On 5/1/2024 4:24 PM, Matthew Grooms wrote:
On 5/1/24 14:38, mike tancsa wrote:
Kind of struggling to check if TRIM is actually working or not with
my SSDs on RELENG_14 in ZFS.
On a pool that has almost no files on it (capacity at 0% out of 3TB),
should not
zpool -w trim <pool> be almost instant after a couple of runs ?
Instead it seems to always take about 10min to complete.
Looking at the stats,
kstat.zfs.tortank1.misc.iostats.trim_bytes_failed: 0
kstat.zfs.tortank1.misc.iostats.trim_extents_failed: 0
kstat.zfs.tortank1.misc.iostats.trim_bytes_skipped: 2743435264
kstat.zfs.tortank1.misc.iostats.trim_extents_skipped: 253898
kstat.zfs.tortank1.misc.iostats.trim_bytes_written: 14835526799360
kstat.zfs.tortank1.misc.iostats.trim_extents_written: 1169158
what and why are bytes being skipped ?
One of the drives for example I had a hard time seeing evidence of
this at the disk level while fiddling with TRIM recently.
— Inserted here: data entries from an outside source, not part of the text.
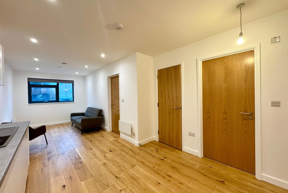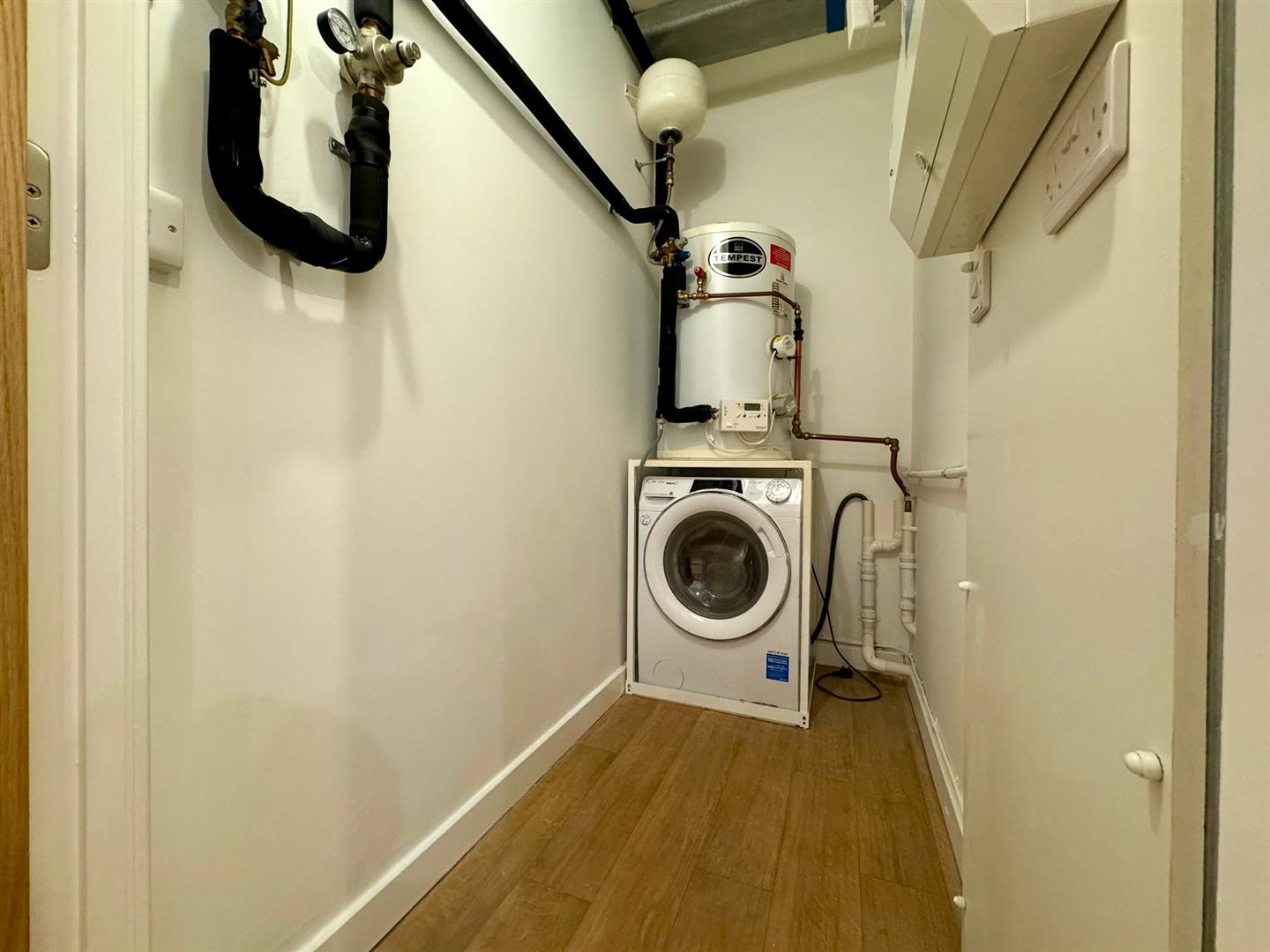The property benefits from a large open plan living room/dining area with contemporary wooden flooring and well-equipped stylish kitchen with integrated appliances. Off the living area is a carpeted double bedroom with large fitted wardrobes offering ample storage and also a stylish modern bathroom with bath and shower. There is also a separate utility cupboard.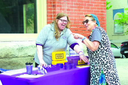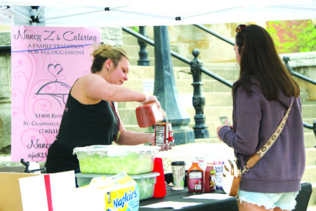 Fur Pets Sake owner Angela Hatfield, from left, Fur Pets Sake volunteer Rosie Pfalzgraf and St. Clairsville resident Cassie Majzun celebrate Cinco De Mayo at St. Clairsville Main Street Small Business Association’s third annual Cinco De Mayo block party.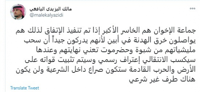 توقع الناشط السياسي مالك اليزيدي اليافعي، اليوم، اندلاع صراع شرس داخل حكومة الشرعية، مؤكدًا في الوقت ذاته أن جماعة الإخوان الإرهابية باليمن هي الخاسر الأكبر في حال تنفيذ اتفاق الرياض.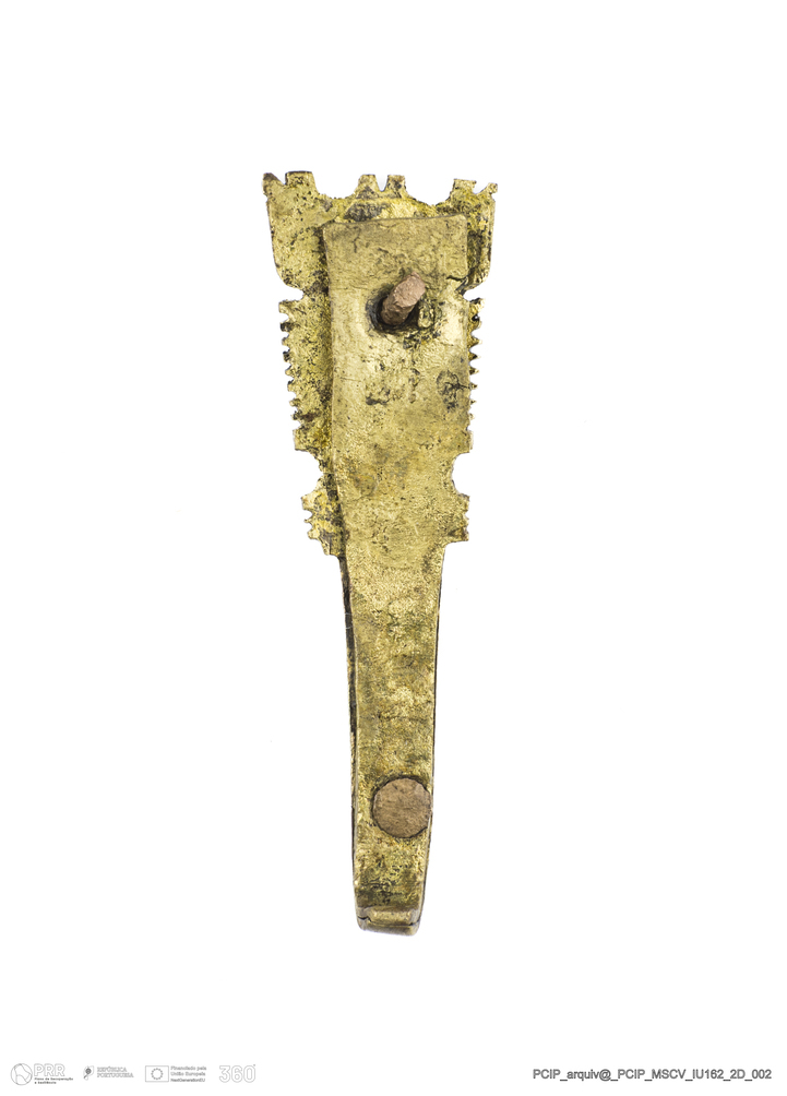 Matéria/Técnica: Metal; Cronologia: Século XVII; Autoria: Desconhecida; Dimensões: Comprimento: 49mm; Largura: 15mm; Espessura: 5mm.

It appeared
that at least some counters are driver and operation specific. For
example, the da driver appears to update counters in some paths but
not others. I assume that ada is different. There is a bug report for
da, but haven't seen any feedback ...
https://bugs.freebsd.org/bugzilla/show_bug.cgi?id=277673
You could try to run gstat with the -d flag during the time period
when the delete operations are expected to occur. That should give you
an idea of what's happening at the disk level in real time but may not
offer more info than you're already seeing.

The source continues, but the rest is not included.